Tuesday, February 09, 2010

Protecting Consumers

Becker and Posner both address the creation of the Consumer Financial Protection in the US. This agency emerges from the Obama administration partly in response to the arguably ill-informed decisions made by financial consumers during the last 10 years, and is heavily grounded in the behavioural ideas of Thaler and Sunstein. Posner argues that the current wave of regulation is excessive and gives the examples of smoking health warnings back in the 1960s and food safety inspections as legitimate forms of consumer protection. The difference between these and the financial decision making case, according to Posner, is that the market failure is clear in the case of both smoking and food safety legislation and the potential remedies are clear and welfare enhancing. He argues that potential market failures from poor financial decision making are harder to demonstrate and to remediate, leading to poorly targeted and expensive government regulation. He argues for obesity as a case where there may be a case for intervention arising from the high health-care cost externality resulting from elevated population chronic illness prevalance.

Becker is even tougher on the bill.

"I believe that a Consumer Financial Protection Agency will hurt rather than help consumers. Despite the claim that ignorance induced many consumers with few resources to buy houses during the boom, consumers who bought a house then with almost no down payment and low interest rates were not displaying ignorance, but good sense." 


He makes the classical argument against behavioural intervention.


"In the vast majority of cases, consumers, even those with little education, know their own interests far better than government officials know them."

Becker is also far tougher on obesity externality arguments than Posner, arguing that they distort consumer decisions. He leans on the side of allowing insurers to price obesity into insurance costs, a debate that would be worth having here. 

3 comments:

Peter Carney said...

Pricing that reflects risk makes good sense.

Objective risky behaviours could be easily priced into health insurance plans--it's standard practice to do so for life assurance.

It doesn't affect the principle of 'community rating' if we believe that these behaviours (eating, drinking, smoking)are within our control, in the way that age and gender aren't.

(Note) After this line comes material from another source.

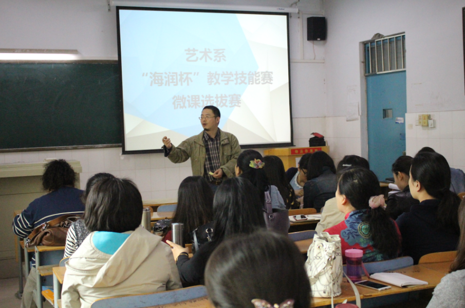 4月28日下午,艺术系2016年度“海润杯”教师教学技能竞赛在A215教室举行。系副主任张鹏及各教研室主任担任评委,系全体老师在比赛现场进行观摩。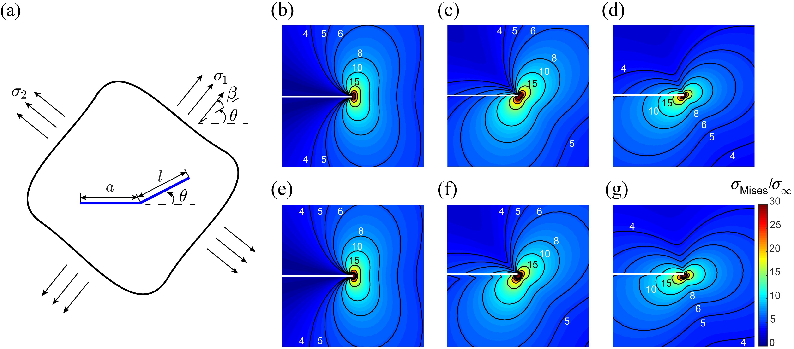 图:二维裂纹偏折问题的几何及加载参数以及单轴加载下不同转折角θ对应的裂纹尖端应力场

By applying a loading you incentivise preventative effort and natural self-protection which mediate the occurrence of illness. When we don't: we create an environment that erodes this effort -- as my work on behavioural moral hazard discusses.

I suspect one basic reason we don't do it is due to the fact that those without insurance fall-back on public insurance and so, a la Rothschild-Stiglitz, it's good for the public purse if risky folk remain pooled in private insurance, making it expensive for them wouldn't be smart. This could be altered by changing the structures of the public system so that behaviours are factored into the pricing there too.

I've been thinking about these issues for a while - the big debate is only around the corner. From a quick analysis of google 'insights' its clear that health insurance is on peoples' mind in Ireland, this year more than ever before -- most likely as a result of large increases in premium prices.

The reality is that healthy people are not going to get able to continue carrying the can for their chubby boozy peers. To be fair, the negative externalities should be priced into these behaviours, a la the polluter pays principle.

There is a lot that could be done to improve welfare by ensuring that the healthier choice (i.e., the one with no negative externalities) is the easier choice.

Liam Delaney said...

Peter - is there any sense to the view that its hard to price obesity fairly into health insurance as some people have genetic predispositions whereas some people (like me) simply don't take good enough care of themselves. From the point of view of efficient pricing, this shouldn't matter. But from an equity point of view, it would seem unfair that someone with a genetic endowment or a serious illness would pay more and also it would not act as an incentive to improve behaviour.

Peter Carney said...

The mechanism for pricing would have to have to be sophisticated; serious thought and analysis would be required to design it, but it is possible.

One idea that comes to mind is physician diagnosis. Physicians are the best placed to offer a distinction between patient's diathesis and patient's behaviour. There might be significant administrative costs associated with this idea but it would certainly be a way.

Even with diathesis, except perhaps in exceptionally rare cases, obesity is not congenital and impervious to moderation. Perhaps disease-related bands or categories could be established (if there don't already exist) so that people could aim and be rewarded for achieving healthier and manageable body weight.

Another possible less resource demanding way is to estimate the full actuarial cost of (in this case) obesity and then, from available medical evidence, adjust it to account for genetic (non-choice) parts and behavioural (choice) parts. Insurance companies currently calculate much more complex equations; this one would not be any struggle.

Of course in areas such as smoking this is less of an issue. As I mentioned previously, all Life Assurance policies add a premium load for smokering and the insurance principle of Utmost Good Faith (or cotinine in blood) ensures this works.

Also, think of the signal here.

Somebody has just put a actuarial price on the cost of my current deleterious behaviour, as reflected in the premium differential. The general public simply don't have the mathematical ability or data to do this themselves. So it's highly useful information and a powerful signal that requires attention.

Well-considered pricing would effectively reward preventive effort and remove hazardous distortions created by blanket pricing; it is in everybody's interest.